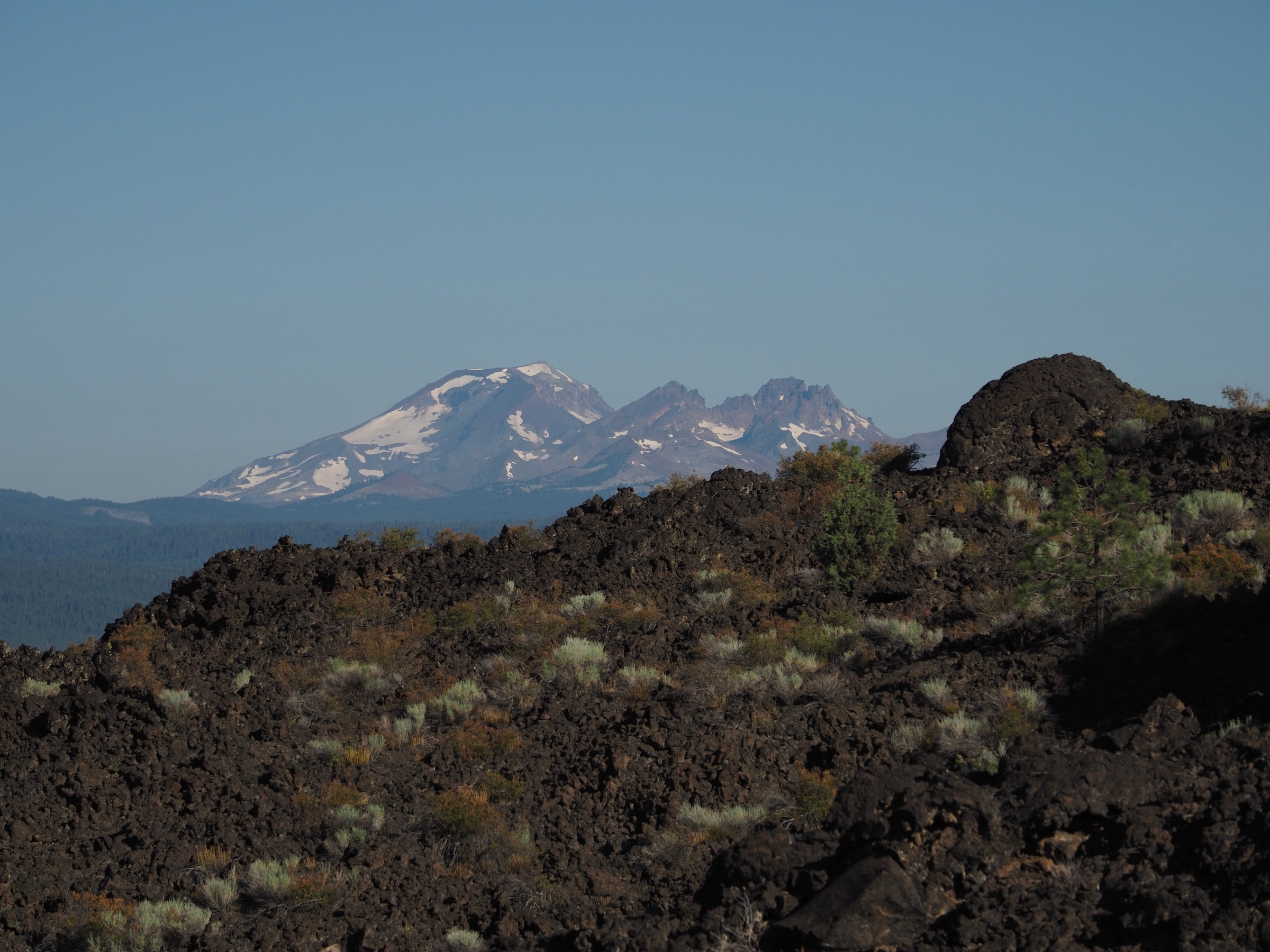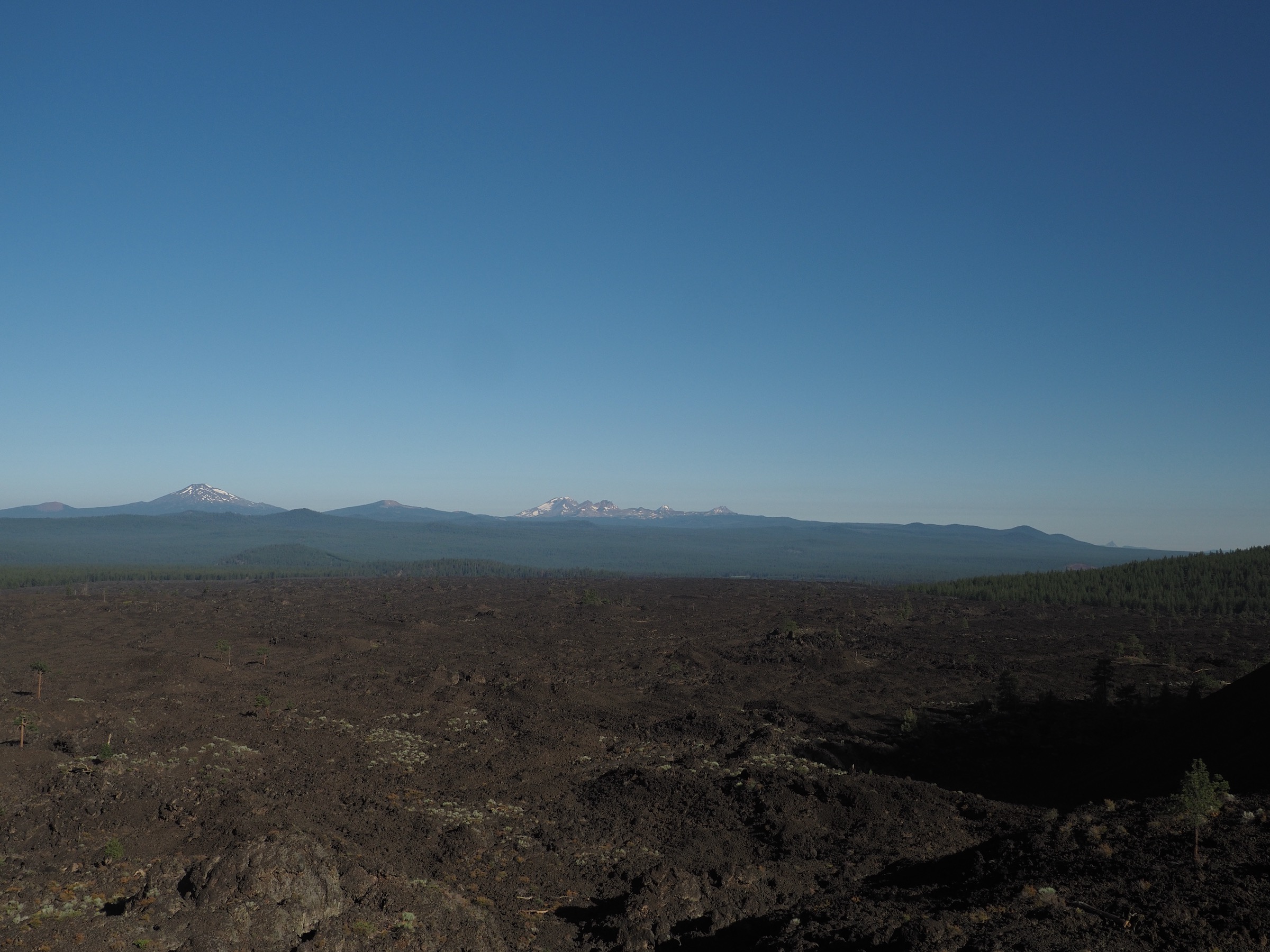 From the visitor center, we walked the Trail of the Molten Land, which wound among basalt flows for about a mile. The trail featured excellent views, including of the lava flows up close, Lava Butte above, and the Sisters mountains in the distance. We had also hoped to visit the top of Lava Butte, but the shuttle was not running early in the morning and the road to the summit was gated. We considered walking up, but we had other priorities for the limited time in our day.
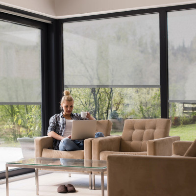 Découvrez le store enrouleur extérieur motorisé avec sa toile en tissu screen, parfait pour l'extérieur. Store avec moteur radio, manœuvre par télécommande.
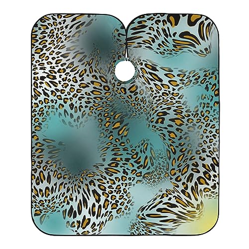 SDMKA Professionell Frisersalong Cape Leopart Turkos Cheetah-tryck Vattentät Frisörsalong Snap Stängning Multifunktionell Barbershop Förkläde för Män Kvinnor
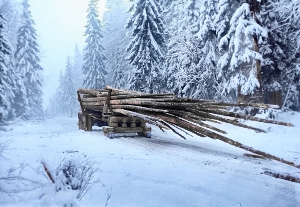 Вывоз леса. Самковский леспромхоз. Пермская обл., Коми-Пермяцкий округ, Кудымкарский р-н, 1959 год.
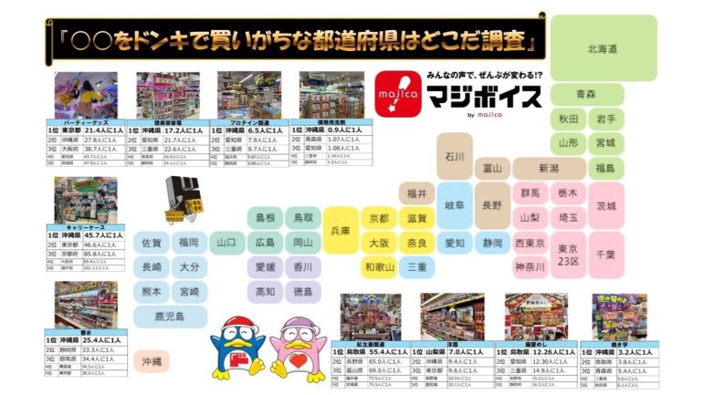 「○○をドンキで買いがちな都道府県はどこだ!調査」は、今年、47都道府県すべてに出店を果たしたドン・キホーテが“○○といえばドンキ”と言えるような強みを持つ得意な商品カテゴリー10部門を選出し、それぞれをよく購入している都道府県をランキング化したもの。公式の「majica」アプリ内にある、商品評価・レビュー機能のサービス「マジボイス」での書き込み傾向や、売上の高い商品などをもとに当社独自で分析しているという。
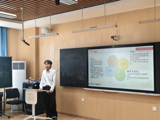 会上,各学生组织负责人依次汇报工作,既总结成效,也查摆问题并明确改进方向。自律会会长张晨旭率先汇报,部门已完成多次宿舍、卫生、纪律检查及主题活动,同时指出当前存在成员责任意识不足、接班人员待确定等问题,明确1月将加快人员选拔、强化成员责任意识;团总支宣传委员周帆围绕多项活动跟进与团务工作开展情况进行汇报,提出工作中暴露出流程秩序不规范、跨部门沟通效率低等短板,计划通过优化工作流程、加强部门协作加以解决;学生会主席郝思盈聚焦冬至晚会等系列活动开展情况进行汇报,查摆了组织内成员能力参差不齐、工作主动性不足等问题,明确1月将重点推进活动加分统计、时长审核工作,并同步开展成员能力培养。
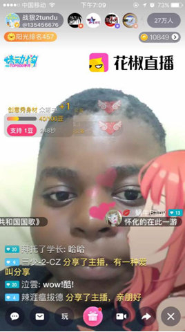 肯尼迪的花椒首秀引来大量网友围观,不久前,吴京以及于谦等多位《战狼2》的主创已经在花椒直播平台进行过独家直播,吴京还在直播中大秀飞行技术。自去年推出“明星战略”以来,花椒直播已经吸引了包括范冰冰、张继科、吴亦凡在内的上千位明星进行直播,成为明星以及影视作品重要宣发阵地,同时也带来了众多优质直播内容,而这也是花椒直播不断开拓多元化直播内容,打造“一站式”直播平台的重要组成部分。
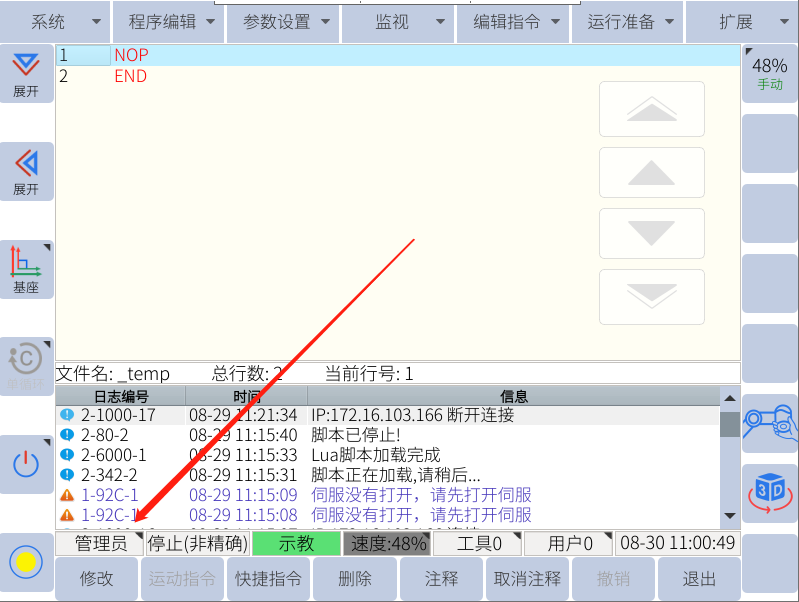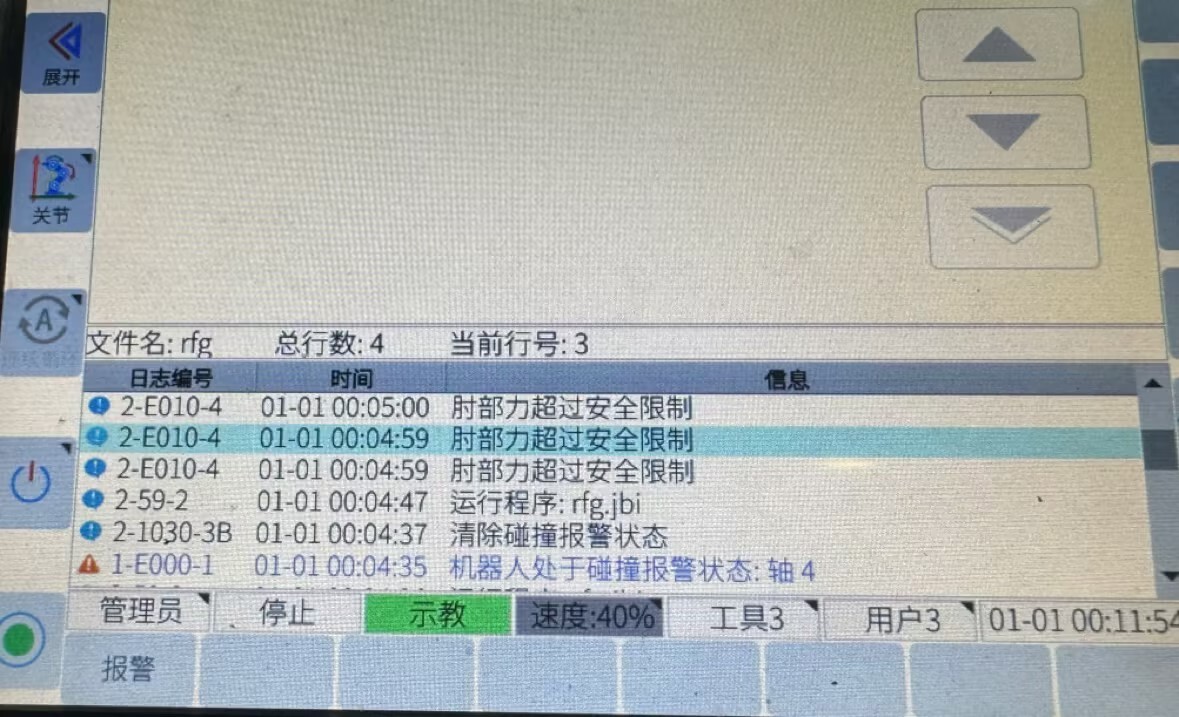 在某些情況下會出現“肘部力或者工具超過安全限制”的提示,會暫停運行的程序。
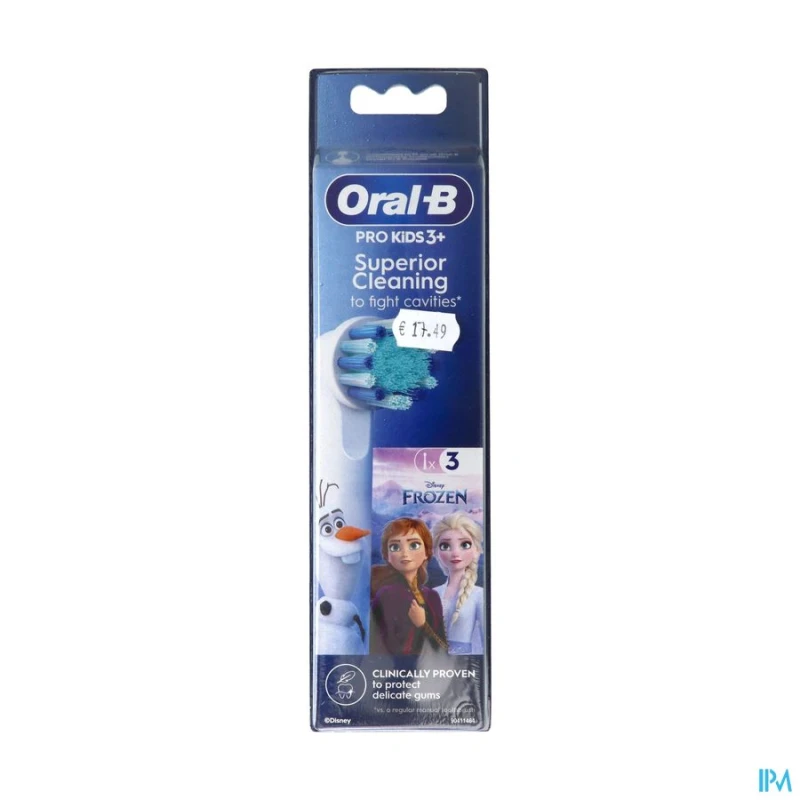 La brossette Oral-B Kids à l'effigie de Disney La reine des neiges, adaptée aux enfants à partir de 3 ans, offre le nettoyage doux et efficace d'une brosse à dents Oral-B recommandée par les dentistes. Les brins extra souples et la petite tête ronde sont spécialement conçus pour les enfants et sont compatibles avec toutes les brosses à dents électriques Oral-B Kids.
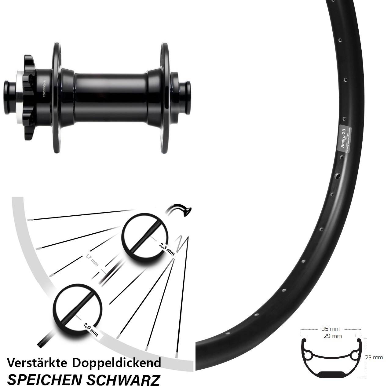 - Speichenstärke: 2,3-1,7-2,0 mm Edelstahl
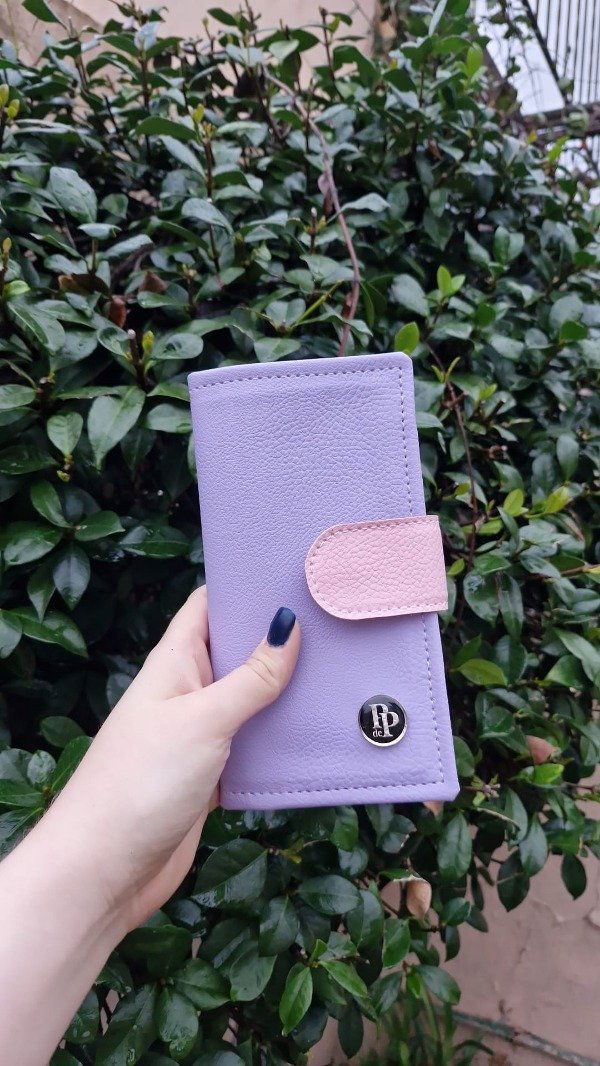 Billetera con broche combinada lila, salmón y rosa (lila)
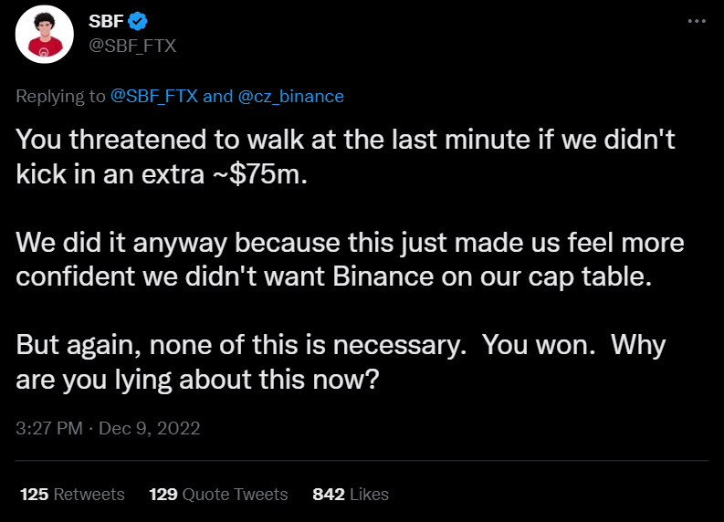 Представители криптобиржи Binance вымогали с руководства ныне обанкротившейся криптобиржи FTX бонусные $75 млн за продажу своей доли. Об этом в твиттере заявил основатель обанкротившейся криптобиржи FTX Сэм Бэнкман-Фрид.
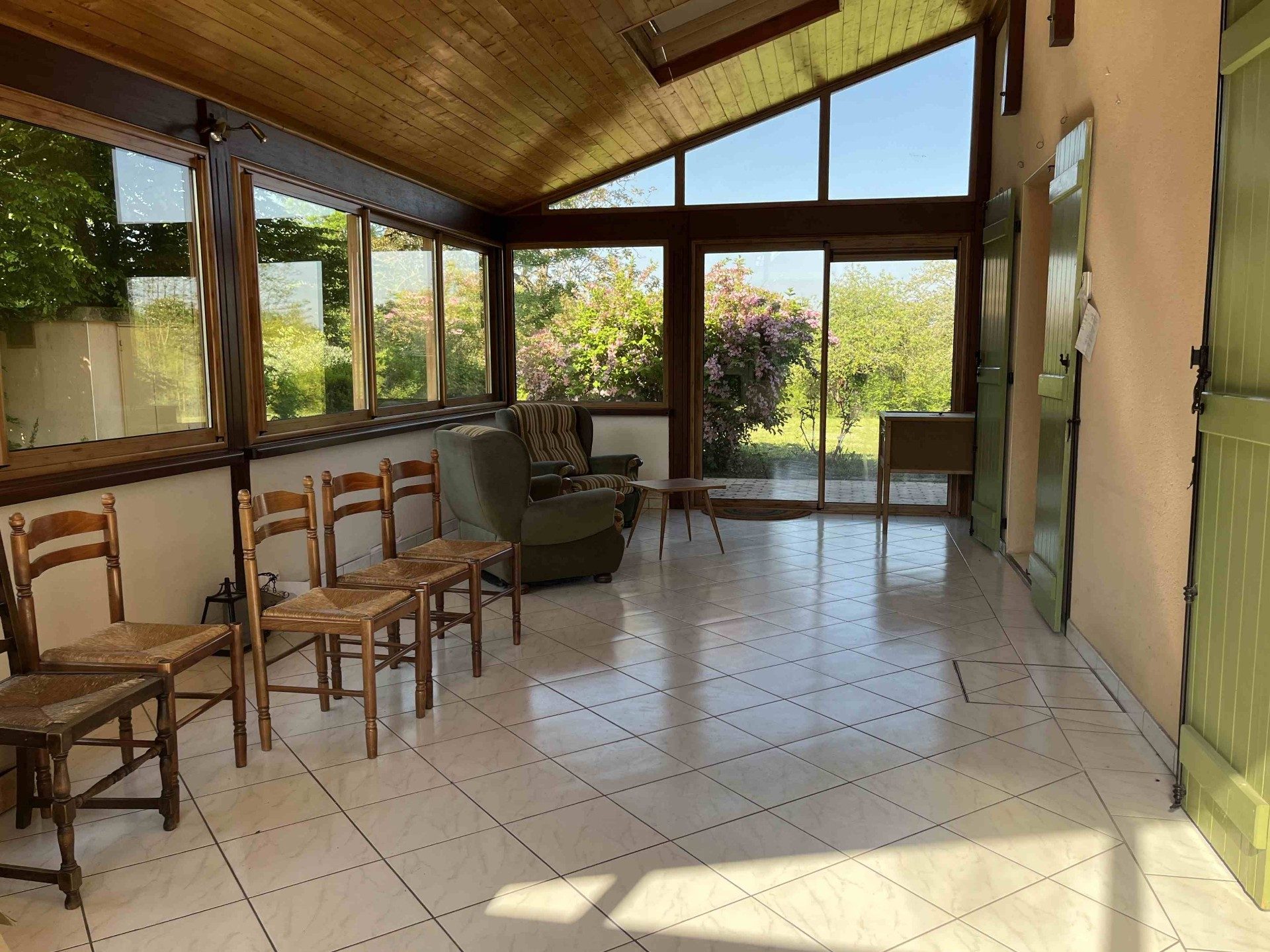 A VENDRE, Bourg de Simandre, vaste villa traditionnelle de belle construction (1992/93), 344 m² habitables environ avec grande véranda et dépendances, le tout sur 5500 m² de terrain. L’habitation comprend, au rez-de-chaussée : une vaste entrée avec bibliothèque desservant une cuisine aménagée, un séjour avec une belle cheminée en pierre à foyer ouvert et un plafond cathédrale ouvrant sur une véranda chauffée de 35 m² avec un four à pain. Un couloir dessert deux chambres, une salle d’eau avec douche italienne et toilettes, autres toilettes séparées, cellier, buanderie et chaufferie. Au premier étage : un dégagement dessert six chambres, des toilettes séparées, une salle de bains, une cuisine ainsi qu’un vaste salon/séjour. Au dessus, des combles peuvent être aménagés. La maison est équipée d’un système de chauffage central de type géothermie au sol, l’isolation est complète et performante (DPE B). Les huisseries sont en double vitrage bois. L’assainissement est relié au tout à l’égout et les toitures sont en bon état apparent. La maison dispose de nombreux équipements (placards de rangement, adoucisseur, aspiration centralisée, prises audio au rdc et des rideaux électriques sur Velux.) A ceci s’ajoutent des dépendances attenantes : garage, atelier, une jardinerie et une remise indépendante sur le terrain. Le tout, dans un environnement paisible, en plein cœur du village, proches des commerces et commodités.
━━━━━━━━
• **ASSIGNMENT**
Now transcribe the lines above exactly, starting at the line containing "- Speichenstärke: 2,3-1,7-2,0 mm Edelstahl" and ending at the line containing "Представители криптобиржи Binance", both lines included, pictures excluded.

• **RESULT OF THE TASK**
 - Speichenstärke: 2,3-1,7-2,0 mm Edelstahl
 Billetera con broche combinada lila, salmón y rosa (lila)
 Представители криптобиржи Binance вымогали с руководства ныне обанкротившейся криптобиржи FTX бонусные $75 млн за продажу своей доли. Об этом в твиттере заявил основатель обанкротившейся криптобиржи FTX Сэм Бэнкман-Фрид.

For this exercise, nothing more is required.